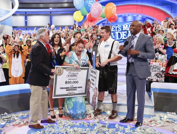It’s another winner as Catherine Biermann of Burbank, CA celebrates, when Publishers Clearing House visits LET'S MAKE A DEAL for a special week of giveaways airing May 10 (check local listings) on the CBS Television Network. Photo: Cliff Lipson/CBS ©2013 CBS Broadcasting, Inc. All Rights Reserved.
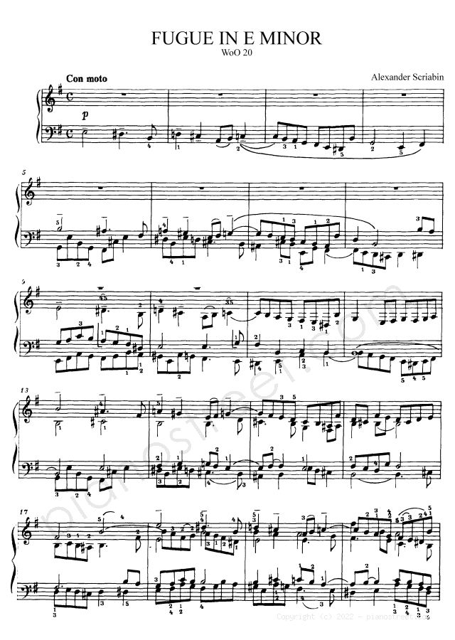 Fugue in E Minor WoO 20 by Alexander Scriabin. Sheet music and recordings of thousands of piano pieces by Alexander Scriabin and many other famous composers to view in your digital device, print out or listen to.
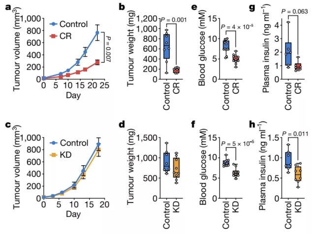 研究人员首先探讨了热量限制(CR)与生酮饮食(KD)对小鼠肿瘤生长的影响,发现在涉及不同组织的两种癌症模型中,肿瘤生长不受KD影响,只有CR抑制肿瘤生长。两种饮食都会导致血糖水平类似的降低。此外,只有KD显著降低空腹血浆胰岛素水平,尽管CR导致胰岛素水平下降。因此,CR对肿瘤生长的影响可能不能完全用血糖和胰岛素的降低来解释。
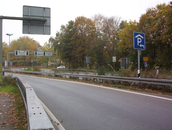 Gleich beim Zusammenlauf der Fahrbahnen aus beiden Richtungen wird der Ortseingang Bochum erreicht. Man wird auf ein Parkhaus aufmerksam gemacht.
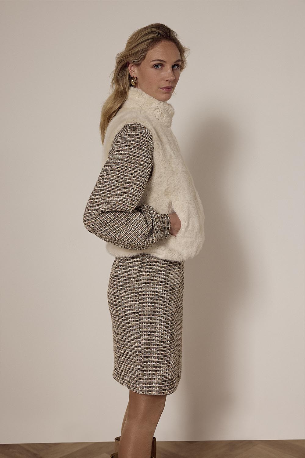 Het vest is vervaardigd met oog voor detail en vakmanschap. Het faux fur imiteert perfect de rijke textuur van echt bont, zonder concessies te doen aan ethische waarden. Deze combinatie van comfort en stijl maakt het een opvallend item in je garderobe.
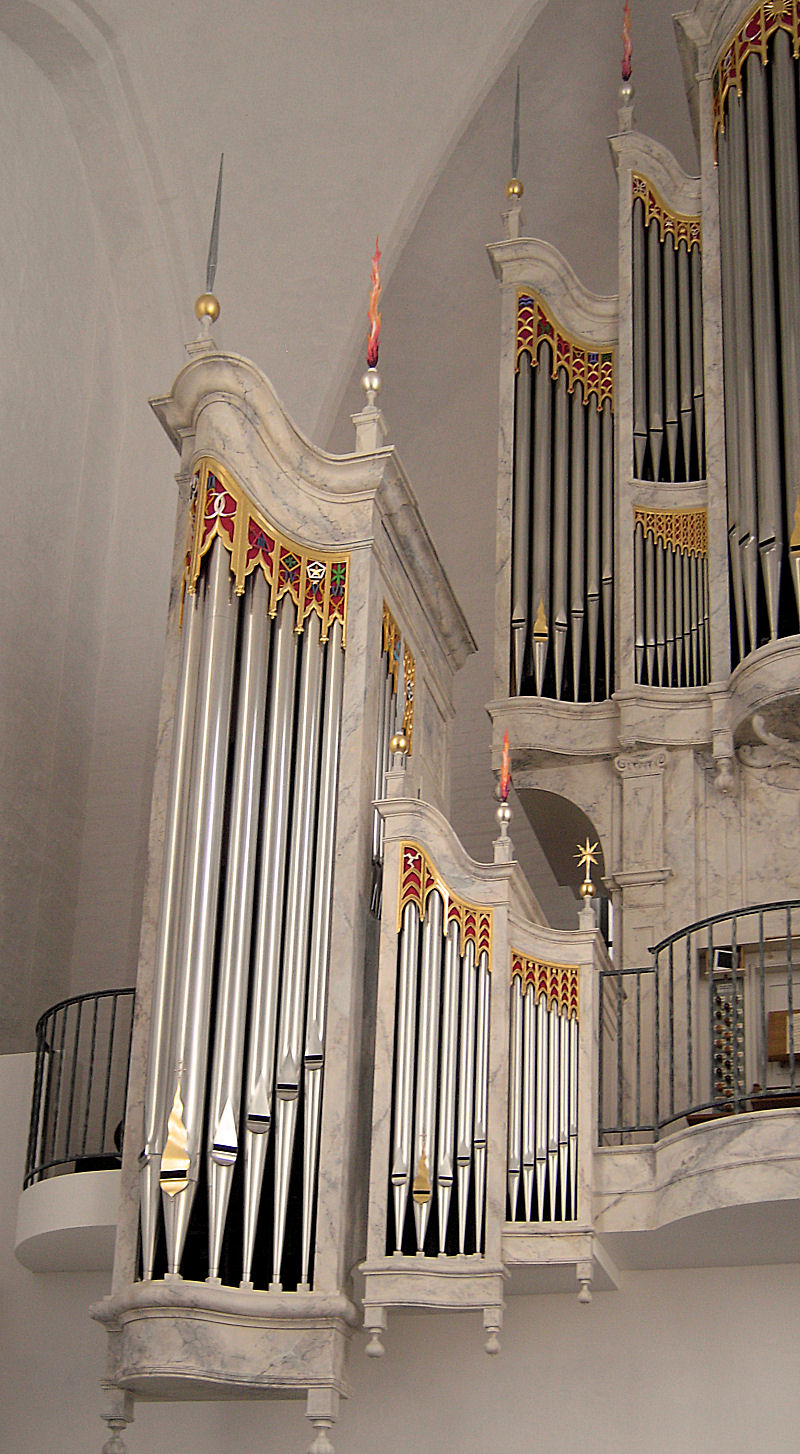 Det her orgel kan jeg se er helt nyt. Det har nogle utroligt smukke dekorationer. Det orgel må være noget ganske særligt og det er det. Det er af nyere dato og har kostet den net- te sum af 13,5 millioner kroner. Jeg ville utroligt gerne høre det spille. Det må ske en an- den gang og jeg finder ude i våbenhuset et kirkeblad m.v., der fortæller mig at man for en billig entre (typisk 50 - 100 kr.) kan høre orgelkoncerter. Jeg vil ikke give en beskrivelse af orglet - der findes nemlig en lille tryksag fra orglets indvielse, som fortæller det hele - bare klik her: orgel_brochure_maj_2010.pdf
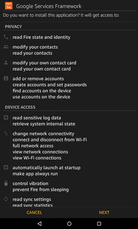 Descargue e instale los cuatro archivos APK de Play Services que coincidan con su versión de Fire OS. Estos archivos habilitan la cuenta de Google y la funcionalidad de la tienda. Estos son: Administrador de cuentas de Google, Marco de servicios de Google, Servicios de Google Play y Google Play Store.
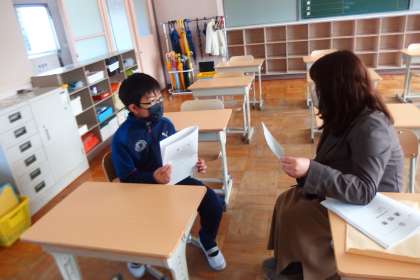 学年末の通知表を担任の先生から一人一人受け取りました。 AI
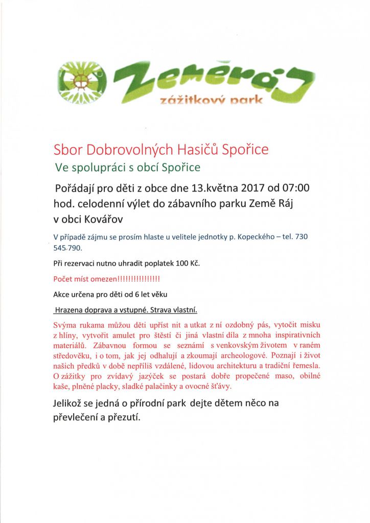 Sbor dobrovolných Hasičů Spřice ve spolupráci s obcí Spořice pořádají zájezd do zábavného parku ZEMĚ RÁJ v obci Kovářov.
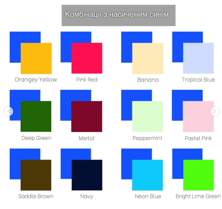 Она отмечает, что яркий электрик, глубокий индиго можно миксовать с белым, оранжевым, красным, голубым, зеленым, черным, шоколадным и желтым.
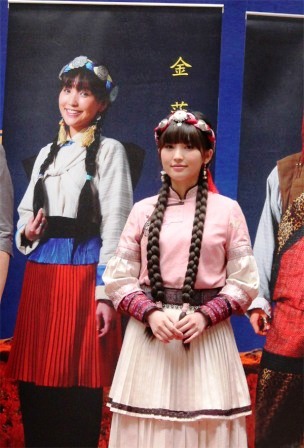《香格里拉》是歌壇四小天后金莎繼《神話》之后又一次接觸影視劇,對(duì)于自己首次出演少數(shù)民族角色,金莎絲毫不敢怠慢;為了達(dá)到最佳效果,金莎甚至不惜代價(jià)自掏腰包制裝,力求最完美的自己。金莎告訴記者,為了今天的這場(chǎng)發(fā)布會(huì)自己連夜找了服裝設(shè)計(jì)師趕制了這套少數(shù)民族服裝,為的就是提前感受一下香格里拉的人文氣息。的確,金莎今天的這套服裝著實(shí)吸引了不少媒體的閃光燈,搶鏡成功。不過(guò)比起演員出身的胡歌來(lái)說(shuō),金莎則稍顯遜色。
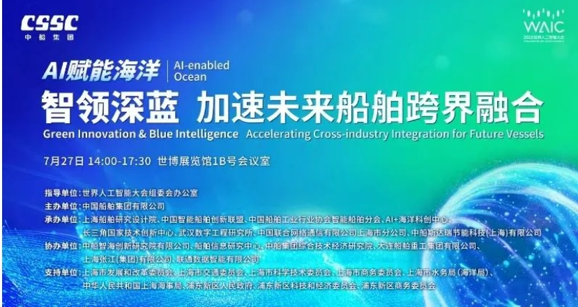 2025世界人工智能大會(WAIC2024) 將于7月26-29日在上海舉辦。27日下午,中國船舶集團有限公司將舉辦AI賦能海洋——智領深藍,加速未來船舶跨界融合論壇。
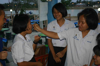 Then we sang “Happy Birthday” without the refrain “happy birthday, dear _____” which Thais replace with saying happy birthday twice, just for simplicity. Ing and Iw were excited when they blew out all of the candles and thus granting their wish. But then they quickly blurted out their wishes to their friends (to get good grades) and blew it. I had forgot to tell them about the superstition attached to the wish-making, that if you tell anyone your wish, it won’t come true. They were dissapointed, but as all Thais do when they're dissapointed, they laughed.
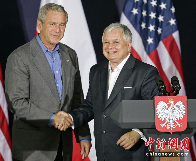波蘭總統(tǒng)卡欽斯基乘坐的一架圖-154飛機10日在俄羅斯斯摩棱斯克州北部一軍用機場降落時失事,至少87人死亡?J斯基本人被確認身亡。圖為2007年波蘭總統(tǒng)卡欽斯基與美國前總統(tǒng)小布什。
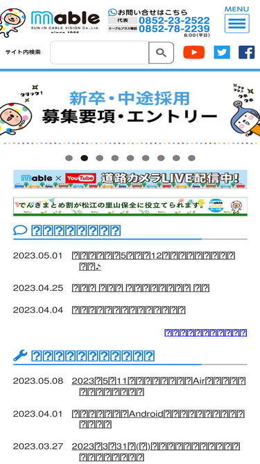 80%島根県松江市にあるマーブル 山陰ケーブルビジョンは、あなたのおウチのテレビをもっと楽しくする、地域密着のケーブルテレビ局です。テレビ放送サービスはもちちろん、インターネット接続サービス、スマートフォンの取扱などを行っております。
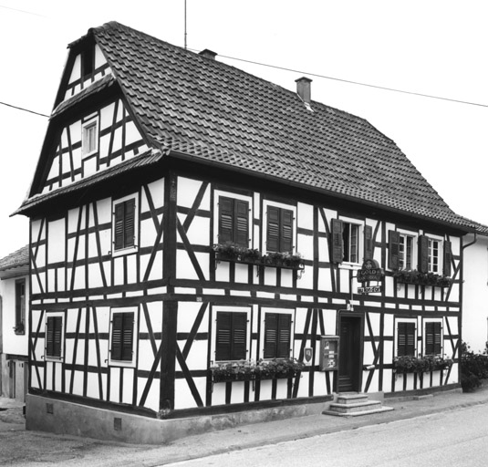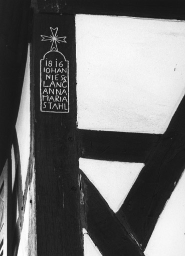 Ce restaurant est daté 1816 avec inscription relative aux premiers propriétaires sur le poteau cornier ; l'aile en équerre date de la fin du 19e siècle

#### [THE TASK]
Could you output exactly the lines above, from the line with "Она отмечает, что" up to and including the line with "2025世界人工智能大會(W", and nothing else, skipping the pictures?

#### [RESPONSE BELOW]
 Она отмечает, что яркий электрик, глубокий индиго можно миксовать с белым, оранжевым, красным, голубым, зеленым, черным, шоколадным и желтым.
《香格里拉》是歌壇四小天后金莎繼《神話》之后又一次接觸影視劇,對(duì)于自己首次出演少數(shù)民族角色,金莎絲毫不敢怠慢;為了達(dá)到最佳效果,金莎甚至不惜代價(jià)自掏腰包制裝,力求最完美的自己。金莎告訴記者,為了今天的這場(chǎng)發(fā)布會(huì)自己連夜找了服裝設(shè)計(jì)師趕制了這套少數(shù)民族服裝,為的就是提前感受一下香格里拉的人文氣息。的確,金莎今天的這套服裝著實(shí)吸引了不少媒體的閃光燈,搶鏡成功。不過(guò)比起演員出身的胡歌來(lái)說(shuō),金莎則稍顯遜色。
 2025世界人工智能大會(WAIC2024) 將于7月26-29日在上海舉辦。27日下午,中國船舶集團有限公司將舉辦AI賦能海洋——智領深藍,加速未來船舶跨界融合論壇。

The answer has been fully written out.